Hipnoz, Sonsuz Amor Serisi’nin üçüncü eseri olmakla birlikte gerek seri gerek benim için dönüm noktasıdır. İlk iki kitabımı çıkardığımda bu kadar heyecanlandığımı hatırlamıyorum. Hipnoz, Sonsuz Amor'un ana temasından sıyrılarak kendi iç dünyasını oluşturan nadide bir eser oldu. Buna kitap içinde kitap, diyebiliriz. Hem seriyi devam ettiriyor hem de içinde apayrı bir hikâyeye yer veriyor. Aslında bu kitabı apayrı bir roman olarak kaleme alıp bu şekilde yayınlatacaktım; ama seriye dâhil ederek sıra dışı bir akım başlatmak istedim. Belki de bir ilke imza atmak istedim.

Hipnoz/Sonsuz Amor 3” okurlara hangi mesajları vermeyi amaçlıyor?

Hipnoz, öncelikle bir sevgi ve sevgili uğruna verilebilecek mücadeleyi anlatıyor. Düşünün ki “Biri var; hem hayatınızda hem değil. Onu deli gibi istiyorsunuz; ama uzak durmak zorundasınız, onu yaşatabilmek için ölmek zorundasınız; ama yaşamak istiyorsunuz, üstelik yaşamak için de önce ölümü göze almak zorundasınız. Aynı zamanda sevdiğiniz kişiyi kötülüklerden koruyabilmek için de ondan uzak durmalısınız.”

Öyle bir hâldesiniz ki hem hızlı hem de doğru kararlar almak zorundasınız.

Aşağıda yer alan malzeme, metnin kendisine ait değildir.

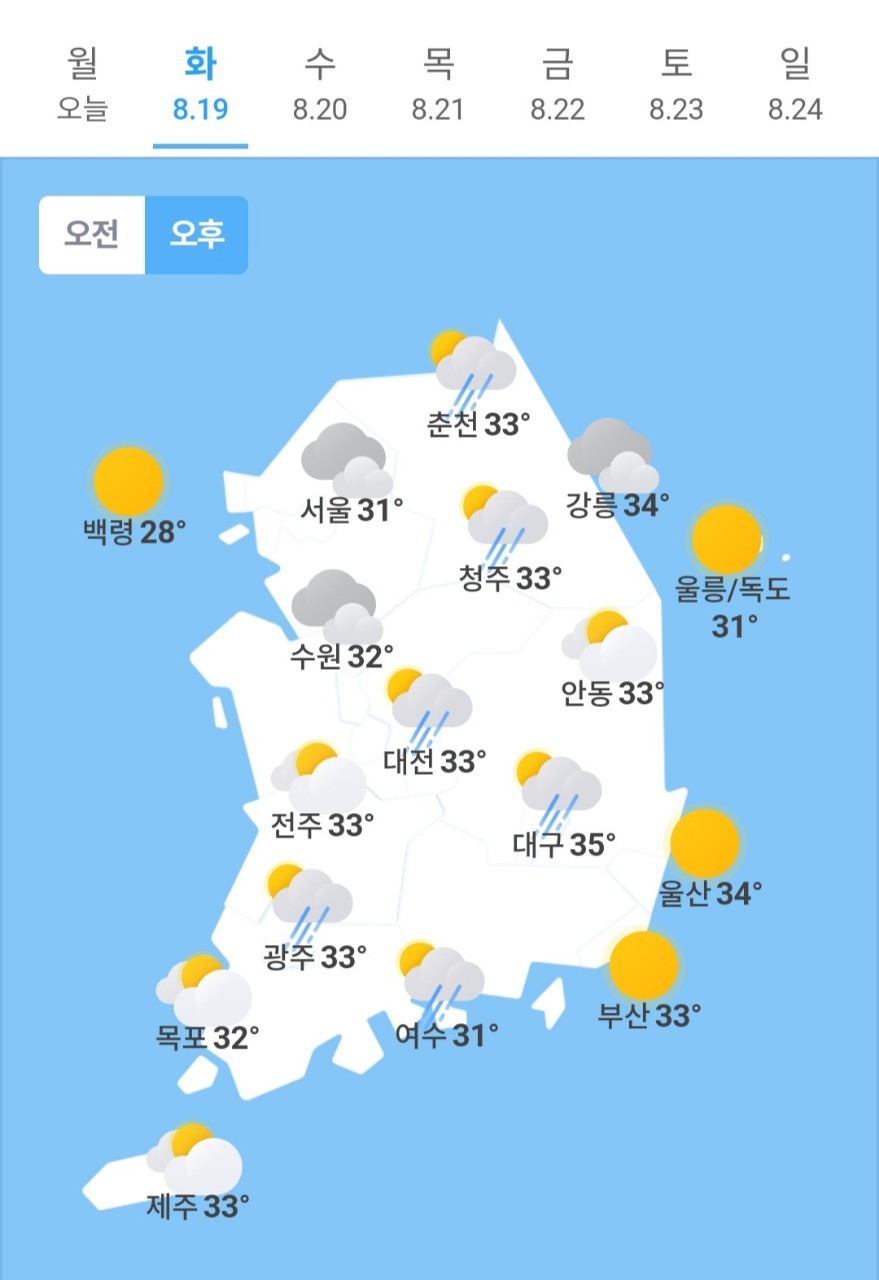 오늘의 날씨 🌞☔️☃️ , 2025년 8월 19일 화요일

Bunu bir zincir, alacağınız kararları halka olarak görün; halkalardan biri koparsa zincir dağılır ve birden fazla ölüm gerçekleşebilir. İşte Hipnoz'un vermek istediği mesaj şu: Ölümün soğuk gölgesini ensende hissederken öyle bir karar almalısın ki hem kendini hem sevdiğini kurtarmalı, mutlu sona ulaşmalısın.

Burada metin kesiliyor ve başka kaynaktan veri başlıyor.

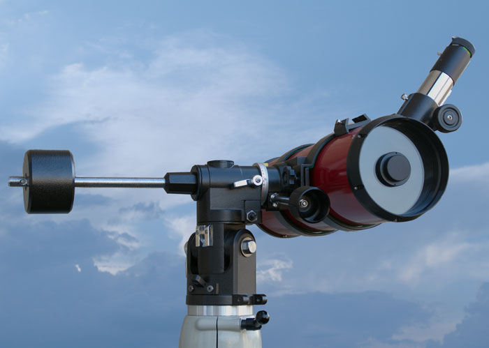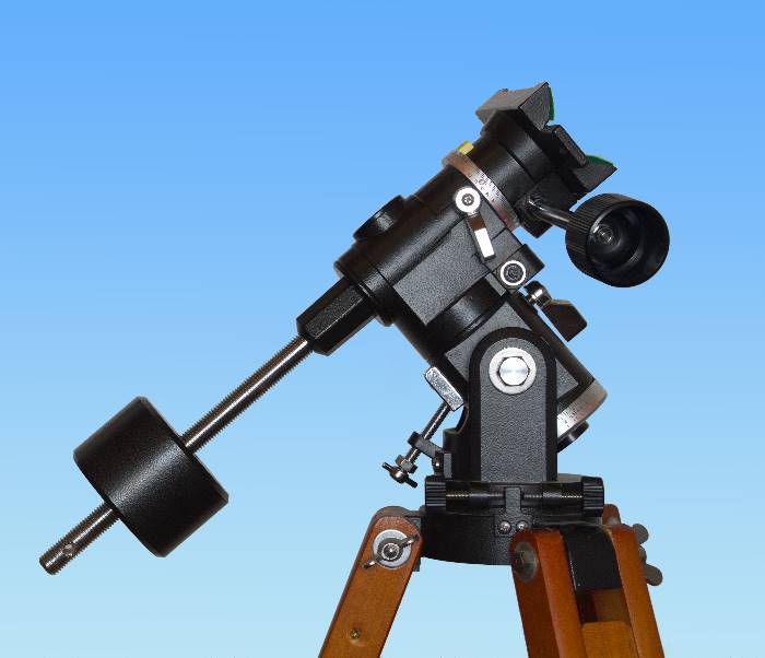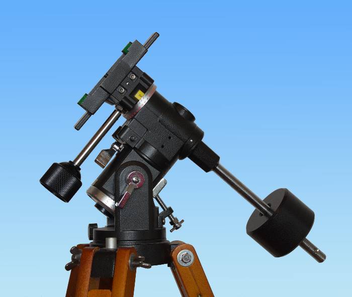 Das Gegengewicht befindet sich auf einer Gewindestange. Bei späteren Vixen-Montierungen wurde das Gewinde aufgegeben und durch eine glatte Oberfläche ersetzt. Die Gegengewichte werden dann nur auf solche Stangen geschoben und durch eine Klemme arretiert. Das ist bequemer. Der Umbau ist nicht schwer.
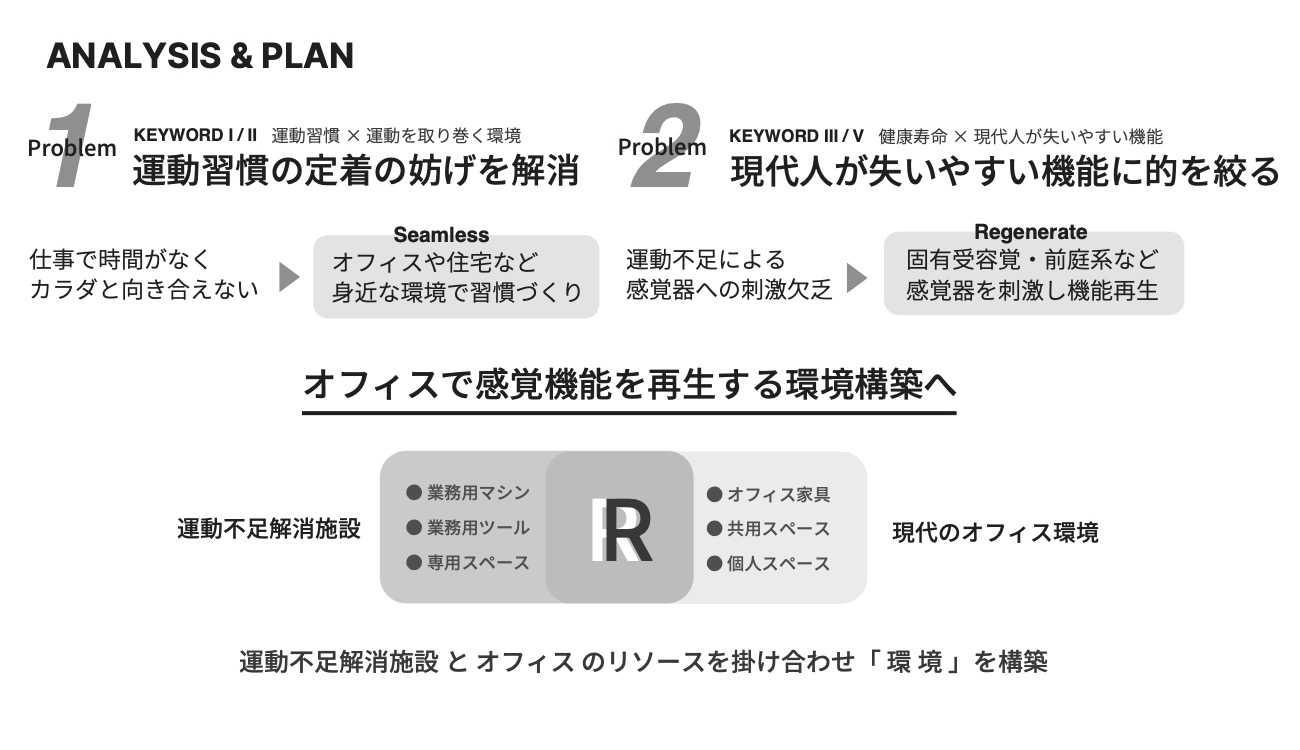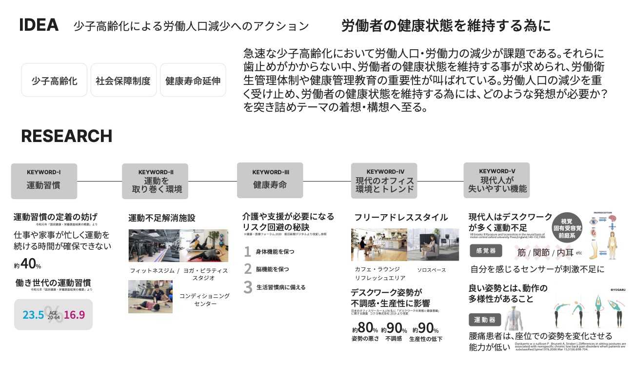 リサーチしたキーワードから、オフィスで使用する環境をデザインするという方向性が生まれた。
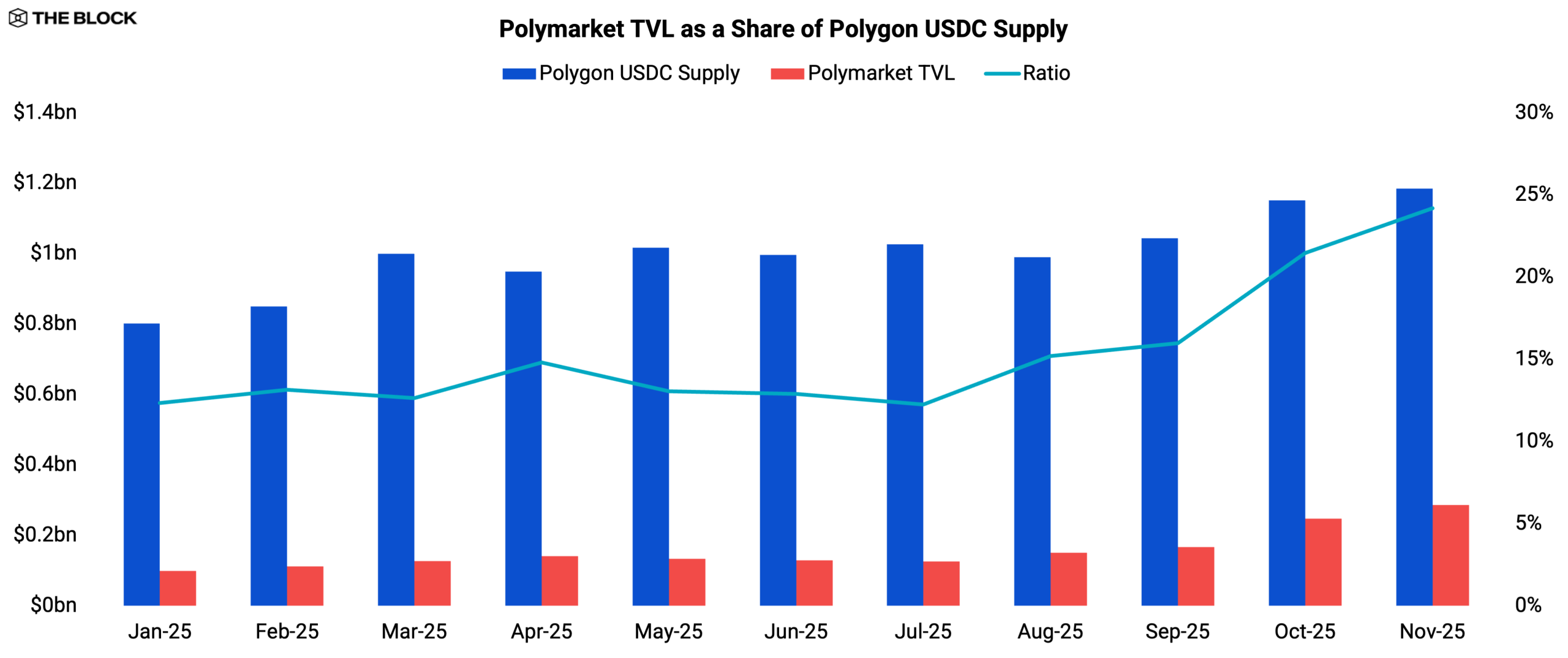 Aptos 和 Polygon 采取了更为机构化的发展路径,其稳定币供应量年初至今分别增长了约 142% 和 76%。在两条链上,10 月份的部署量约为5亿美元BUIDL发挥了举足轻重的作用,约占Aptos净新增发行量的57%,以及Polygon净新增发行量的40%。与此同时,预测市场的重要性日益凸显,这意味着Polygon每日约有14%的USDC供应量锁定在Polymarket合约中。
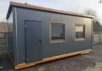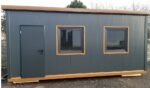 O Contentor de Escritório / Pavilhão de 17 m² da Brusato Container é a solução perfeita para quem procura um espaço de trabalho que combine funcionalidade técnica e impacto visual. Ao contrário dos monoblocos de estaleiro clássicos, este modelo possui um design contemporâneo, caracterizado pelo contraste entre o cinzento antracite das paredes e os elegantes acabamentos em cor de madeira nas caixilharias e nos rebordos.
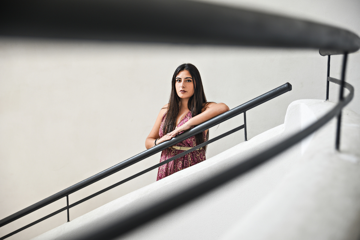 | Mi piace molto il gioco delle diagonali (ringhiera inferiore, corrimano e braccio della ragazza). Umna piacevolissima geometria. Con la ringhiera superiore si crea un triangolo anche questo elemento piacevole nelle composizioni. Resta però il fatto che la ringhiera superiore fuori fuoco e "prepotente" a mio modesto avviso sbilancia la composizione! |

Kitabın ismi, nereden geliyor?

Kitabın ismi, içerikte geçen hipnotik telkinlerin gizemli ve bir o kadar iyileştirici dünyasından geliyor. Karakterler ve yaşanılanlar hayal ürünüdür. Sonsuz Amor Serisi’nin içinde geçen minik bir armağandır.

Sizce kitap, beklenen başarıya ulaşacak mı?

Gereken başarıdan kasıt, çok okuyucuya ulaşması ve bolca okunması ise umarım ulaşır, umarım çok okunur, özümsenerek okunur ve toplum içindeki değeri ve farkı anlaşılır. Eğer bu kitap sayesinde birilerinin hayatına olumlu ve dostça bir dokunuşla temas edebilirsem ne mutlu bana…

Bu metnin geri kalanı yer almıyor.